You say cheaply, but top-k with k=20 still means 20 forward passes for each position in the predicted KV cache vector, no? So to compute the residual at position i+1 you need another 20 passes?

It's late, perhaps I'm missing something.

aesthesia 11 hours ago | parent | prev [-]

A top-k approximation still requires k forward passes; that's k times as expensive as just computing the exact value. Unless you're doing a prefix-unconditional prediction, in which case you still likely need quite a large token -> vector dictionary, and particularly for inner layers a significant amount of information left in the residual.

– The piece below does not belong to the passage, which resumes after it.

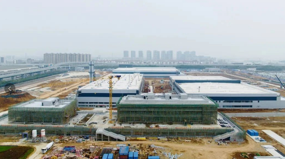 ▲猛士科技园万马战犹酣,叉车、铲车交替作业,车间内,设备正在安装。

EGreg 10 hours ago | parent [-]

the k forward passes for different candidate tokens share all their prefix computation -- the KV cache up to position i-1 is identical for all candidates, so you run one pass through the shared layers and then k cheap single-token extensions. At long context lengths the shared prefix dominates the cost. This is also structurally what speculative decoding already does, so the infrastructure largely exists.